PS my consultant said the best current evidence says that a 30 yr old has an 8% chance of falling pg each month; at 35 yrs it is 5%. That's across everyone so obviously some people have a much lower chance and some will catch first time even in their 30s. Compares to about 25% up to about age 25.

kawaii · 12/12/2013 13:49

I started trying at 31, pregnant in 6 months and baby at 32. If I am honest I wish i had waited a bit longer. A lot of the mum's at the hospital (London) were 38/39 with first babies! I felt like I could have had more fun before being tied down with a baby.

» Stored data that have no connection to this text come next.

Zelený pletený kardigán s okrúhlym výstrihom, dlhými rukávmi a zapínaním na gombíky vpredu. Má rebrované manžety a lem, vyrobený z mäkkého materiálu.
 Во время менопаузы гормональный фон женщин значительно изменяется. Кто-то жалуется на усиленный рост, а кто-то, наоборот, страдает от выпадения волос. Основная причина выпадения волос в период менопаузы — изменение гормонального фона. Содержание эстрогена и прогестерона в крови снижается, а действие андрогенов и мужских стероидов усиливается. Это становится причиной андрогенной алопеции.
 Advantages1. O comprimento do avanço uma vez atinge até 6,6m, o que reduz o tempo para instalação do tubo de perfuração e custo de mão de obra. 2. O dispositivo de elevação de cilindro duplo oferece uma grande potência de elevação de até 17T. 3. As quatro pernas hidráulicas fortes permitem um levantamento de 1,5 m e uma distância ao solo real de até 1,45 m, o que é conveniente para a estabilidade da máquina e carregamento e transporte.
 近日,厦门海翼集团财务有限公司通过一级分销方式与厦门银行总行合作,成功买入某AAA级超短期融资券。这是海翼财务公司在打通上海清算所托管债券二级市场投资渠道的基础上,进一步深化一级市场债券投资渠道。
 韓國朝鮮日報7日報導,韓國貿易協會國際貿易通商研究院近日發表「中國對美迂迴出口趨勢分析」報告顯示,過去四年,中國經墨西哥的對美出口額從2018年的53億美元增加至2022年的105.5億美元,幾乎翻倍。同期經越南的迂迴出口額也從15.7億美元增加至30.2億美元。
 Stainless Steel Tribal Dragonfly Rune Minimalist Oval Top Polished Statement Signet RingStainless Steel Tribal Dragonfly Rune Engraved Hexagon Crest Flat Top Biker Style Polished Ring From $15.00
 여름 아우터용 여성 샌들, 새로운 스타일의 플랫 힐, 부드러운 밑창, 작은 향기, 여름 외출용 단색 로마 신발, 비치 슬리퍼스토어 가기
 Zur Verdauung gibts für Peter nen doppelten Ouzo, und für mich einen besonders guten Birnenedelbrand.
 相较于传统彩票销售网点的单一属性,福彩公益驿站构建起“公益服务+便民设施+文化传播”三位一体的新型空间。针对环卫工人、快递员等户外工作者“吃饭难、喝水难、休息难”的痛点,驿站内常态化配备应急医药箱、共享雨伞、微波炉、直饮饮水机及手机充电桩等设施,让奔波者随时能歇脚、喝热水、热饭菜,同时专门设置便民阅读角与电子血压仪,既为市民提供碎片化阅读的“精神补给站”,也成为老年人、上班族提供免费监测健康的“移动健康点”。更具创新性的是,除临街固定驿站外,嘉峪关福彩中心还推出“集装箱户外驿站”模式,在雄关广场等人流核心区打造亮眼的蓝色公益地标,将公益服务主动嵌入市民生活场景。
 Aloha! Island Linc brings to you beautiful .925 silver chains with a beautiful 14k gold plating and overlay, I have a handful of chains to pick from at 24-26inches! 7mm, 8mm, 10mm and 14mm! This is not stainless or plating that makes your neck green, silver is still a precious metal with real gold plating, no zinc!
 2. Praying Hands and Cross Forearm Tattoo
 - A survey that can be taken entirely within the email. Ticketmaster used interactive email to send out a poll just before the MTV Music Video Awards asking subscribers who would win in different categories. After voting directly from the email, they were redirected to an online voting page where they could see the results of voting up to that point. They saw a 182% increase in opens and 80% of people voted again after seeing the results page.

But I remember that panicky feeling of hitting 30 and feeling like what if it's too late! It is a relief to have had a baby and time to have more if I want. So sensibly you should try now but if I were you i'd wait until 34.

GoMommaGo · 12/12/2013 14:09

I agree with other posters, stop the contraception (clearly with both of you aware!) and just proceed as usual!! Then re assess in 4 to 6 months time if nothing happens by chance. We started trying at 27 as I was so worried about it not happening (no reason medically at time I was aware of- just me paranoia) and it happened straight away, I went part time after and dh has quite a good job so it worked out fine, then we went for dc 2 about 18 months later, again very quick all fine, then got married moved house etc etc, busy busy and began to try for dc3.... I was 33 by then, house move very stressful (no surprises there tho!) and it took longer, I think I may have had one very very early mc but never did a test so you never know and then made a concerted try to get preg effort and it happened that month, due any day and I turned 34 a couple months ago. I guess until you try you just don't know if it will happen and as someone mentioned up thread, it could happen fairly quickly but if you hav a mc then that will add to the time it takes over any 6mnths - year. Don't worry unnecessarily but it's realistic to think now may be a better time than in two more years, I agree with someone else that fertility isn't always that much worse at 34 than 32 for eg but it's the time you run out of if you wait till 34 to find out if it works or not.

sebsmummy1 · 12/12/2013 14:09

Kawaii I can absolutely assure you that if you'd started trying at 31 and hadn't got pregnant for over 24 cycles not trying would have been one of your biggest regrets right now.

There are women all over the TTC forums who would give ANYTHING to have a healthy child. You really just don't know what you've got until it's gone.